Saturday, June 14, 2008

J. C. Says It's Not True

Just received word about J.C. Please read JC's statement. Reported here first.
Bob

STATEMENT FROM FORMER CONGRESSMAN JC WATTS

June 14, 2008

It has come to my attention that an Associated Press article on black conservatives indicates many are considering voting for Barack Obama for president in November. The writer refers to me and states, "(Watts) said he's thinking of voting for Obama." That is the writer's interpretation of my statement.

If recent polls are accurate, a large percentage of Evangelicals and minority conservatives are leaning to or have committed to Senator Obama. I am not one of them. Like many Republicans across the nation, I consider myself a "free agent" this year, which is what I told the AP. Presidential candidates are going to have to work to earn my vote, and not assume it. I'm urging my friends and associates to follow their hearts in November. I'm hopeful, as the course of the campaign plays out, that Senator McCain will work as hard to merit our votes as he is for other voters, that he would give them reason to vote for him in November.

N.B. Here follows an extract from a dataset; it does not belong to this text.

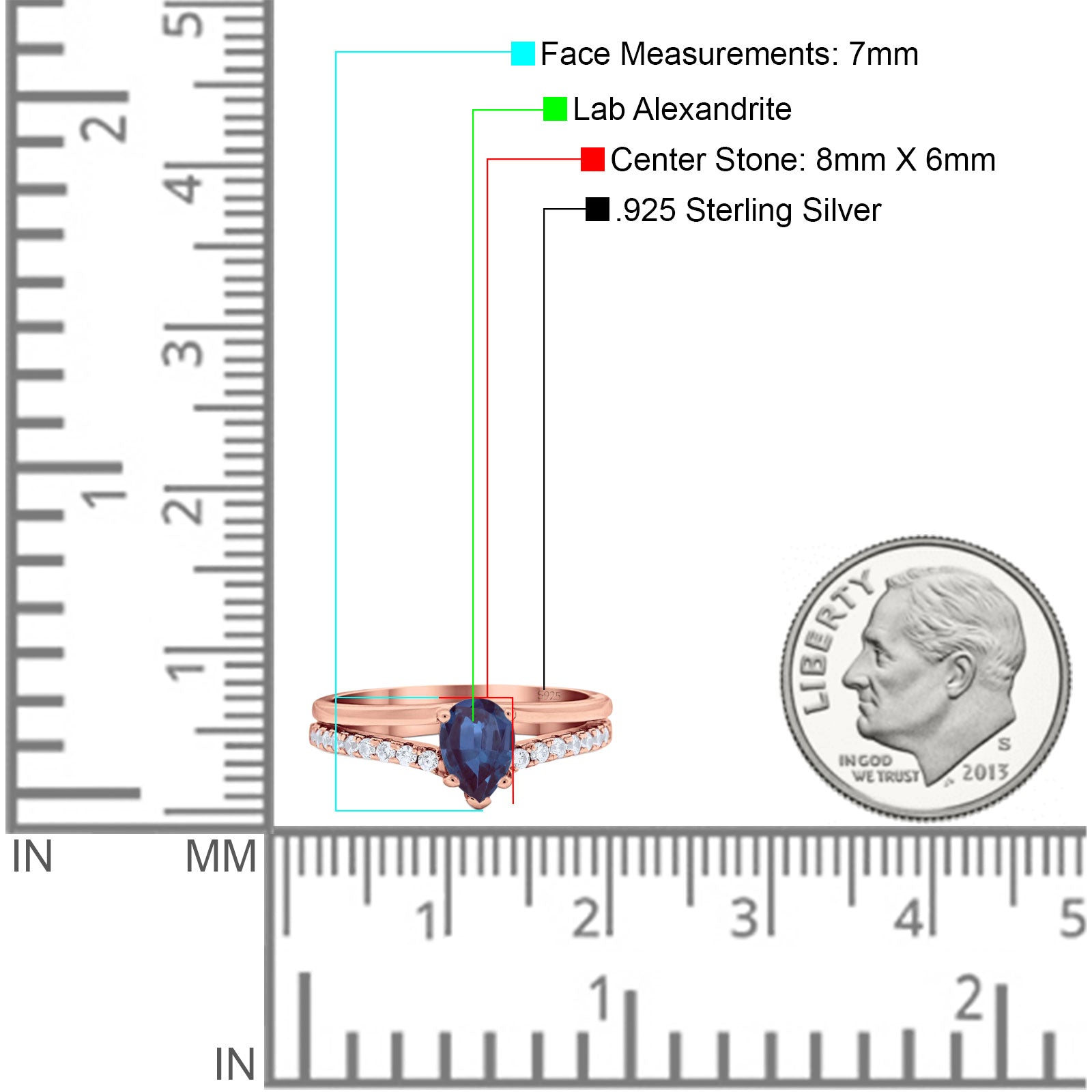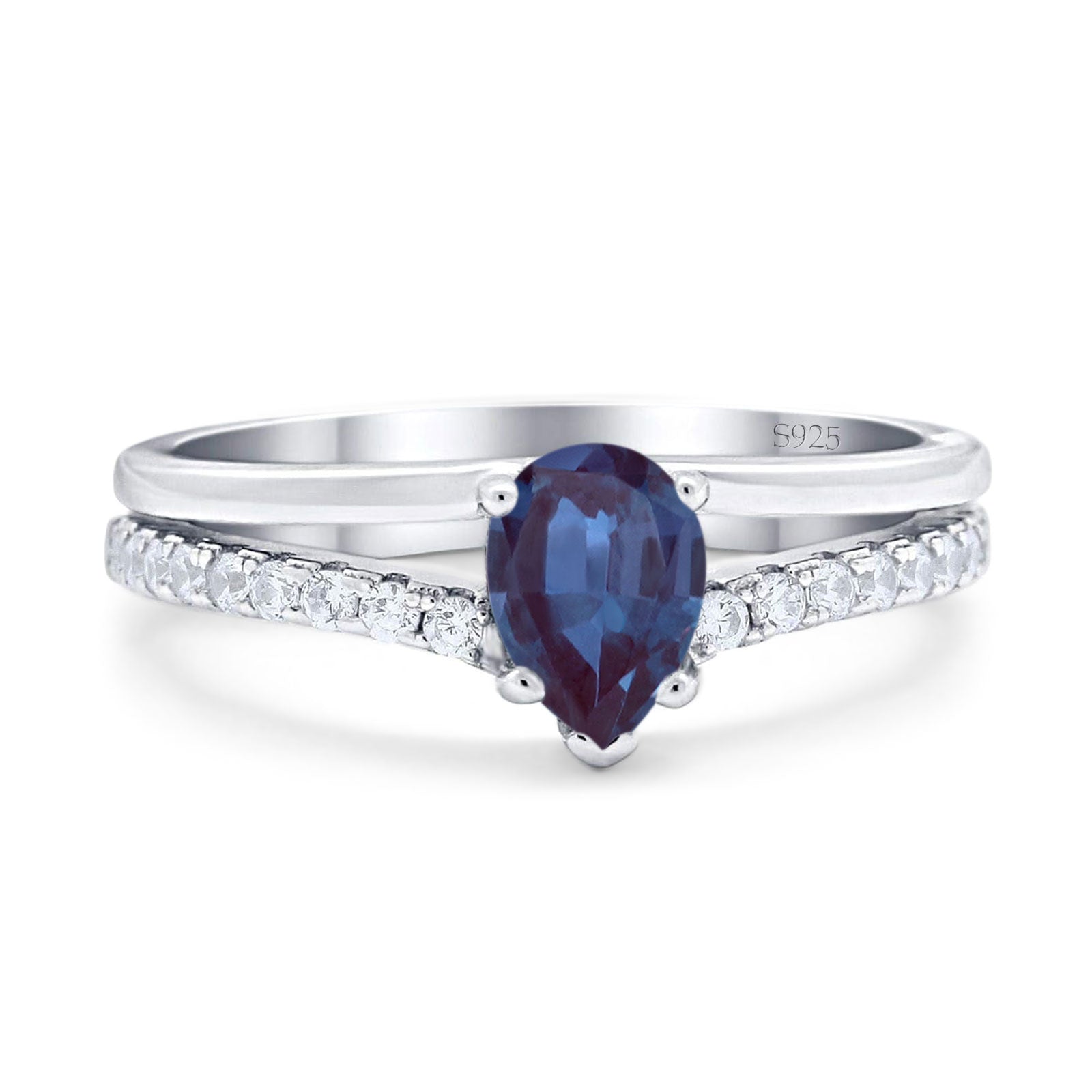 Pear Teardrop Lab Alexandrite Wedding Ring 925 Sterling Silver

The article further lists some of my concerns with the Republican Party over its lack of outreach to the black and Evangelical communities. Those concerns are true, and anyone who has spoken to me or read my writings in recent months and years should not be surprised by that position.

But I regret to conclude that the GOP leadership -- the party I embraced and for whom I have worked diligently across the nation -- has come to place evangelicals and Republicans who are concerned about the black community, in the same boat. It seems the party leadership is taking this loyal group of voters for granted and no longer feels the need to work for our votes.

1 comment:

sooner_1 said...

JC, the current "leadership" of the GOP have left MOST of us out in the cold. As a Christian first, American second, conservative third, republican later, I am not dedicated to rubber-stamping the GOP ticket either. But you can not SERIOUSLY consider Obama a viable alternative? Obama does not, from anything I can see, have a conservative bone in his body. He sounds like a more articulate, less experienced version of John Kerry. Aside from that, what has the democrat party done to reach out to blacks or evangelicals? To say that the republicans take blacks for granted is just silly. CONSERVATIVE blacks, maybe, but it has nothing to do with their being black! The GOP in DC has taken ALL conservatives for granted. Only WE can change that... together as CONSERVATIVES... not as "black conservatives" and "white conservatives". I appreciate that you feel betrayed by the GOP... we all do. We all look at the current crop of democrats and think, "we should be cleaning these guys' clocks in the election"... but if the "moderate" republicans are so turned off by us that they push us away, we will all pay the price of liberal policies... a return to 1979... I know I don't want to go there.